NEW YORK (Standard & Poor's) March 20, 2013--Standard & Poor's Ratings
Services today assigned its 'CCC+' corporate credit rating to Boise,
Idaho-based supermarket chain New Albertson's Inc. (NAI), under its new
ownership. The outlook is stable.
Concurrently, we are raising the issue-level rating on subsidiary America
Stores Co. (ASC)'s notes one notch to 'B' from 'B-', and changing the recovery
rating to '1' from '5'. The '1' recovery rating indicates our expectation of
very high (90% to 100%) recovery of principal in the event of payment default.
The change in the recovery rating reflects that ASC will place in escrow the
principal amount of the notes, as stipulated between SUPERVALU Inc.
(SUPERVALU), which guarantee those notes, and the purchasing parties.
We are also lowering the rating on NAI's senior unsecured notes to 'CCC' from
'B-'. The recovery rating on those notes remains '5', which indicates our
expectation of modest (10% to 30%) recovery of principal in the event of
default.
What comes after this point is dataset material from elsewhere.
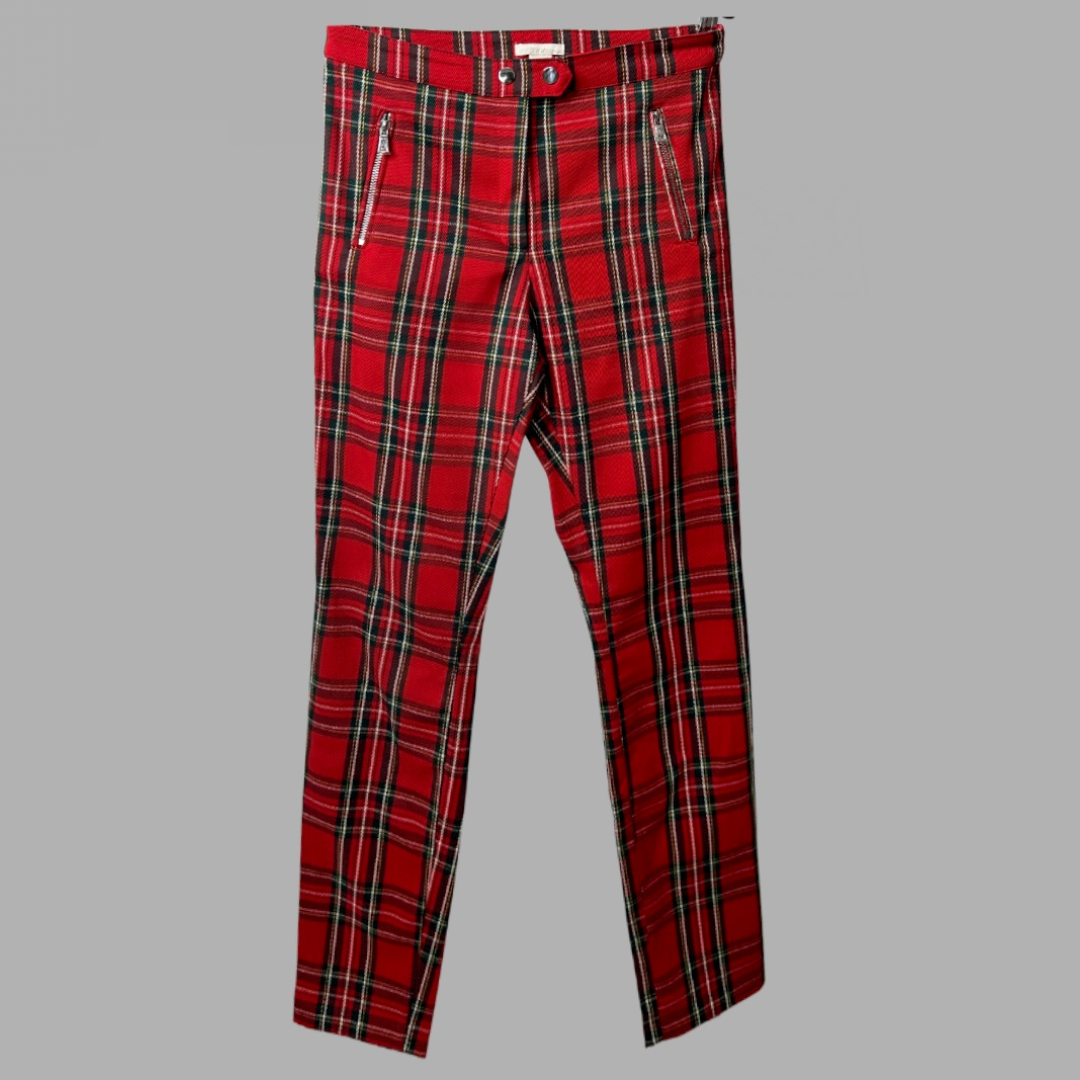 Hm מידה 38 מכנסיים אדומים משובצים גזרה גבוהה בדוגמת טרטן עם רוכסנים גזרה צמודה ללא לייקרה, חדשים

The lower rating on the notes reflects the lower corporate credit
rating of NAI relative to the current rating on SUPERVALU.
We expect AB Acquisition LLC, an entity owned by a consortium of investors led
by Cerberus Capital Management L.P. (Cerberus), to purchase NAI from
SUPERVALU. The NAI purchase will include the operating assets of the
Jewel-Osco, Shaw's, Star, ACME, and Albertson's banners. At the same time, we
expect Albertson's LLC, which is also owned by AB Acquisition LLC, to purchase
the Albertson's stores and associated assets from NAI. We expect these
transitions to close simultaneously before the end of the month.
"The rating on NAI reflects our view of the company's financial risk profile
as 'highly leveraged,, based on what we expect to be weak credit protection
measures over the next year and our assessment of a 'vulnerable' business risk
profile," said Standard & Poor's credit analyst Charles Pinson-Rose. The
financial risk profile incorporates our view of credit metric erosion over the
next year based on the company's substantial debt and debt-like obligations
coupled with performance declines. It also reflects our expectation that the
company will be free operating cash flow neutral, though mainly because
capital spending will be depressed, in our view. We also believe NAI will
maintain "adequate" liquidity because of a likely substantial cash balance
after it receives cash considerations from the sale of the Albertson's stores
and associated assets from Albertson's LLC.
We also view the company's business risk profile as "vulnerable," which
incorporates the historically weak sales trends at the acquired stores,
operating measures that will likely be worse than industry peers, and the
intense competition in the food retail industry.
The outlook is stable and incorporates our expectation that profits should
decline substantially over the next year, but stabilize from that point
forward. This would allow the company to be approximately cash flow neutral
and maintain adequate liquidity. However, we believe the company will remain
highly leveraged over the next year. Given the company's cash balances, it
should have adequate liquidity sources even if performance is substantially
weaker than our expectations.
We would only consider a positive rating if leverage was in the mid to low 7x
area and coverage in the mid 1x range. We estimate that EBITDA would need to
be about 35% higher than levels forecasted for fiscal 2014 or slightly higher
than current pro-forma levels. We do not believe this likely over the next two
years given the company's strategies and industry competition.
We would likely consider a negative rating action if we felt liquidity
concerns were more acute, and if sources were less than available uses over
the next year. Moreover, any financial policy decision that meaningfully
depletes cash on hand could cause us to reassess the company's rating.